What you print should match the entries exactly, only without the pictures.

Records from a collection
━━━━━━━━━━━━━━━━━━━━━━━━━━━━━━
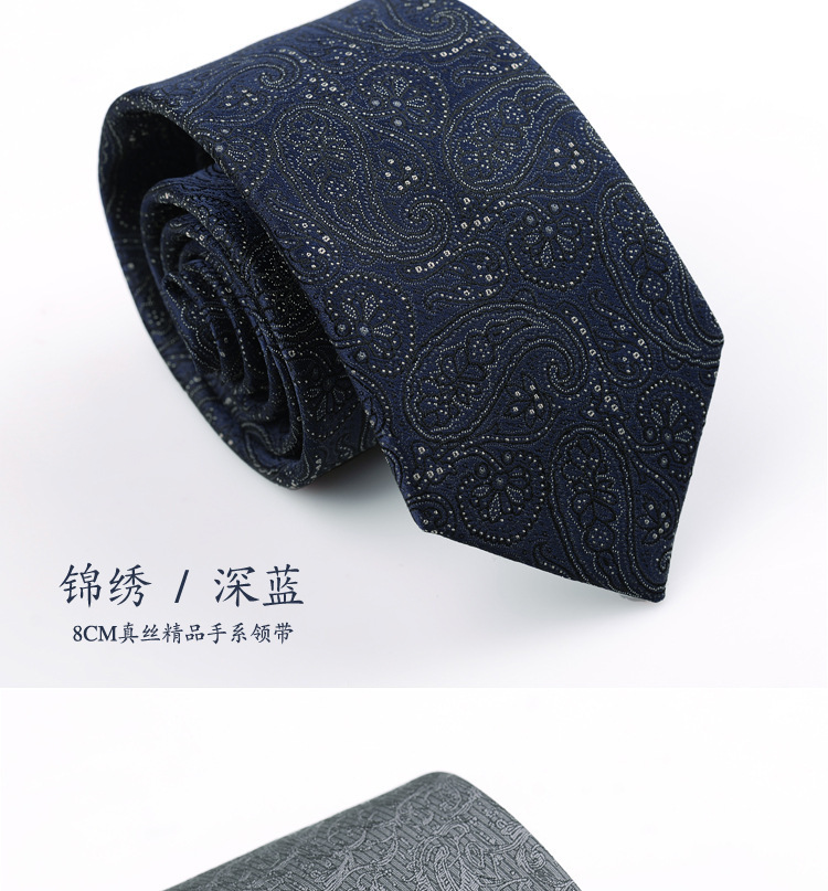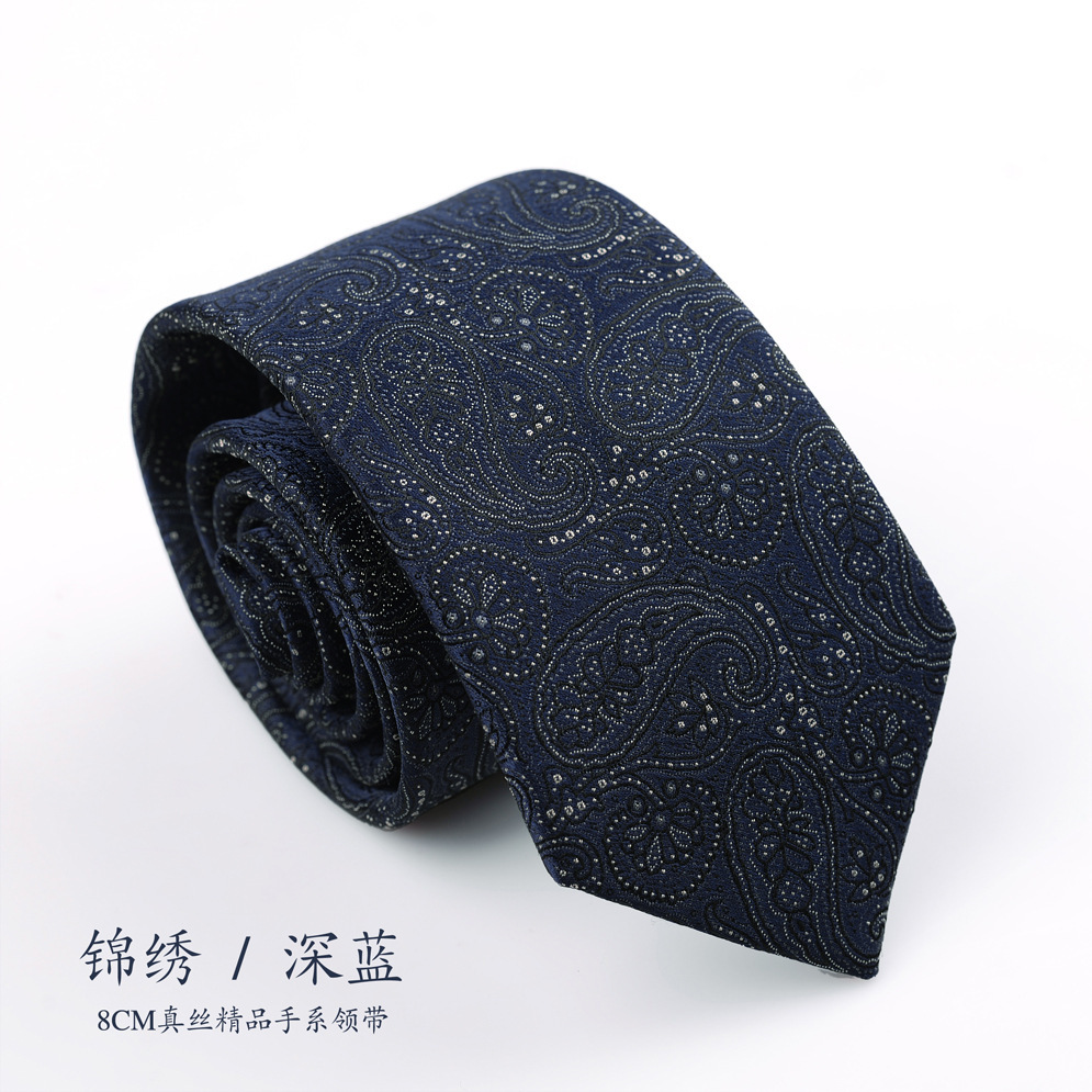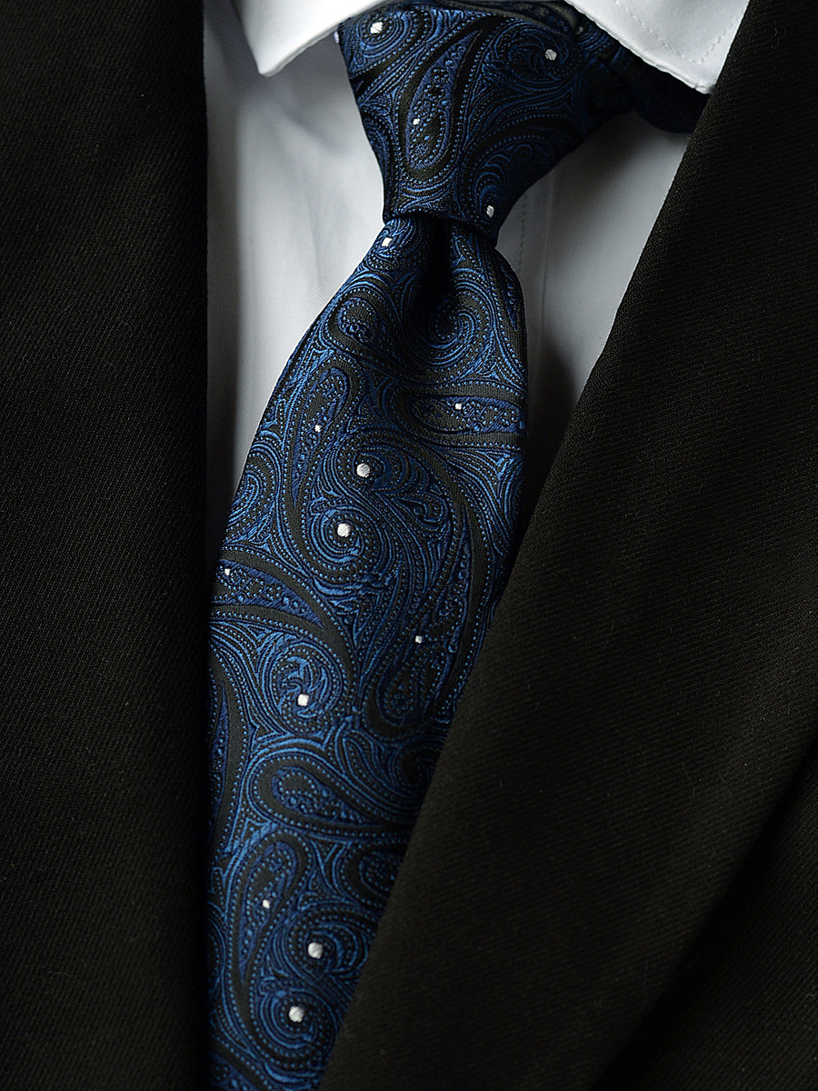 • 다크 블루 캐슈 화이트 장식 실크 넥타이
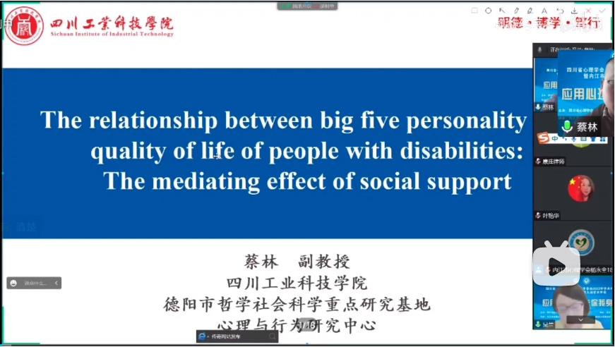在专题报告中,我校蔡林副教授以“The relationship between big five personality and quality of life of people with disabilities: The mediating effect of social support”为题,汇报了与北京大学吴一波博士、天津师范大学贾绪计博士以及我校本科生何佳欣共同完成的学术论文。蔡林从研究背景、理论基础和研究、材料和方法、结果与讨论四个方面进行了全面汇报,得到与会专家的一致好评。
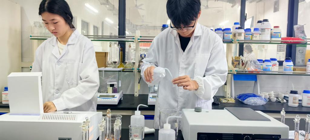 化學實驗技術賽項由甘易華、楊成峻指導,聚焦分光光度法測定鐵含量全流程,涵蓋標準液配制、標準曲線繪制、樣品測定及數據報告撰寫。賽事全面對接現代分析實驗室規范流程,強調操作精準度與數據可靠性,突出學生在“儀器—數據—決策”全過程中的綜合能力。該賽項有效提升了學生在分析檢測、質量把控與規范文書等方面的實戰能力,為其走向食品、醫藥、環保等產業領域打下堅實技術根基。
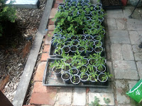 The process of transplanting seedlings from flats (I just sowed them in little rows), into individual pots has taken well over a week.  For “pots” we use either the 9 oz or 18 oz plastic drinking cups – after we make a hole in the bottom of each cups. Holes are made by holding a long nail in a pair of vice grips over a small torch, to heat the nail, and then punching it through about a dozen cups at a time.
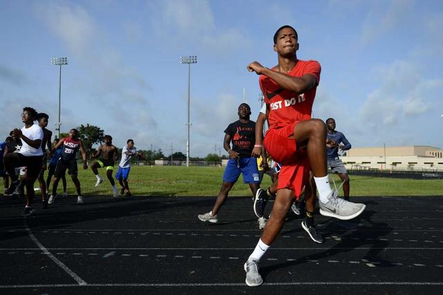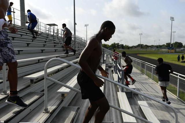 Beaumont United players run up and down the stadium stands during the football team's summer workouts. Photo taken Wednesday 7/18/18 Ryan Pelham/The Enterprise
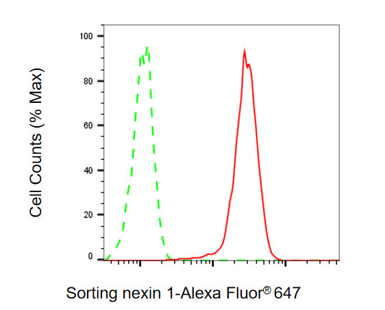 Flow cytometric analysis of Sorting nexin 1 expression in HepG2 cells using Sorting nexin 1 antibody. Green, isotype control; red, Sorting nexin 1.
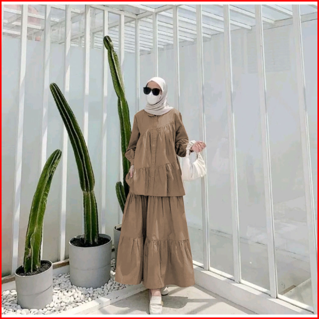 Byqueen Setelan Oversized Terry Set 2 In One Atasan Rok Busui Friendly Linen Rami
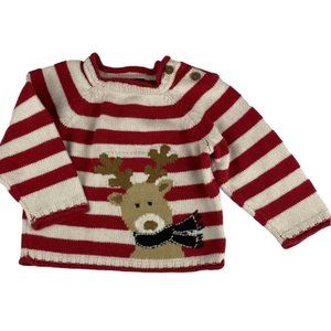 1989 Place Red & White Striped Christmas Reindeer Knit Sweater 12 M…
━━━━━━━━━━━━━━━━━━━━━━━━━━━━━━
TASK RESPONSE
 • 다크 블루 캐슈 화이트 장식 실크 넥타이
在专题报告中,我校蔡林副教授以“The relationship between big five personality and quality of life of people with disabilities: The mediating effect of social support”为题,汇报了与北京大学吴一波博士、天津师范大学贾绪计博士以及我校本科生何佳欣共同完成的学术论文。蔡林从研究背景、理论基础和研究、材料和方法、结果与讨论四个方面进行了全面汇报,得到与会专家的一致好评。
 化學實驗技術賽項由甘易華、楊成峻指導,聚焦分光光度法測定鐵含量全流程,涵蓋標準液配制、標準曲線繪制、樣品測定及數據報告撰寫。賽事全面對接現代分析實驗室規范流程,強調操作精準度與數據可靠性,突出學生在“儀器—數據—決策”全過程中的綜合能力。該賽項有效提升了學生在分析檢測、質量把控與規范文書等方面的實戰能力,為其走向食品、醫藥、環保等產業領域打下堅實技術根基。
 The process of transplanting seedlings from flats (I just sowed them in little rows), into individual pots has taken well over a week.  For “pots” we use either the 9 oz or 18 oz plastic drinking cups – after we make a hole in the bottom of each cups. Holes are made by holding a long nail in a pair of vice grips over a small torch, to heat the nail, and then punching it through about a dozen cups at a time.
 Beaumont United players run up and down the stadium stands during the football team's summer workouts. Photo taken Wednesday 7/18/18 Ryan Pelham/The Enterprise
 Flow cytometric analysis of Sorting nexin 1 expression in HepG2 cells using Sorting nexin 1 antibody. Green, isotype control; red, Sorting nexin 1.
 Byqueen Setelan Oversized Terry Set 2 In One Atasan Rok Busui Friendly Linen Rami
 1989 Place Red & White Striped Christmas Reindeer Knit Sweater 12 M…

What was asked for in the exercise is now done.